Please restate each line of the data below exactly. Omit all images.

## Dataset section

────────

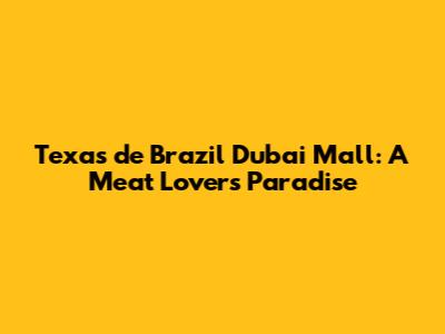 Texas De Brazil Dubai Mall: Menu & Dining Experience
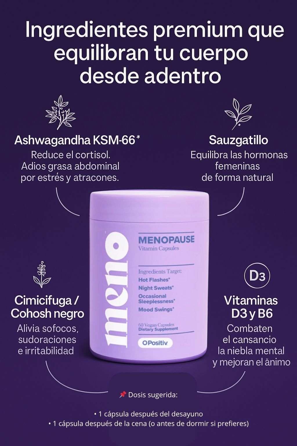 MENO no es solo un suplemento; es una fórmula integral diseñada científicamente para mujeres mayores de 45, que ataca las TRES principales causas de tu malestar:
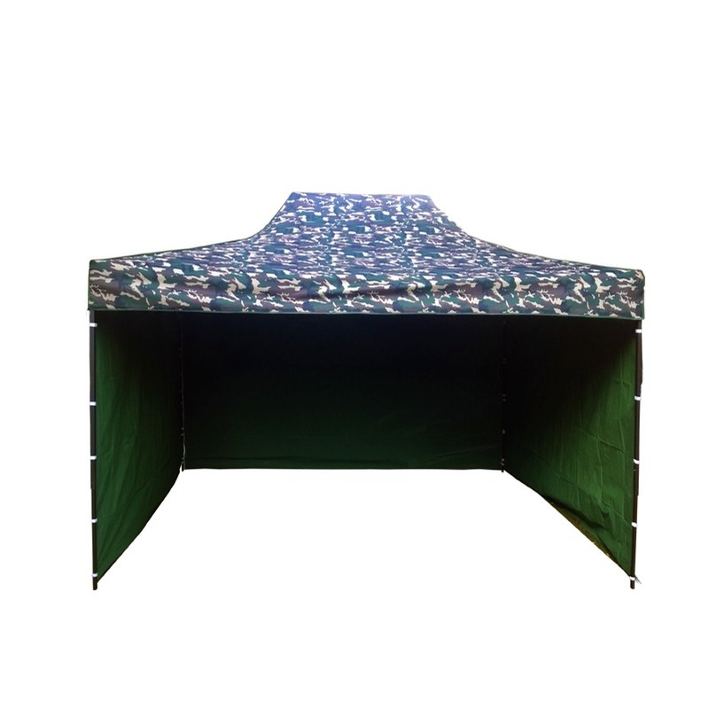 Prodejní stánek s rychleskládající se nůžkovou konstrukcí, vybavený třemi postranními odnímatelnými panely, připevněnými suchým zipem a čtyřstupňovou možností regulaci jeho výšky.

────────

## Exercise response
 Texas De Brazil Dubai Mall: Menu & Dining Experience
 MENO no es solo un suplemento; es una fórmula integral diseñada científicamente para mujeres mayores de 45, que ataca las TRES principales causas de tu malestar:
 Prodejní stánek s rychleskládající se nůžkovou konstrukcí, vybavený třemi postranními odnímatelnými panely, připevněnými suchým zipem a čtyřstupňovou možností regulaci jeho výšky.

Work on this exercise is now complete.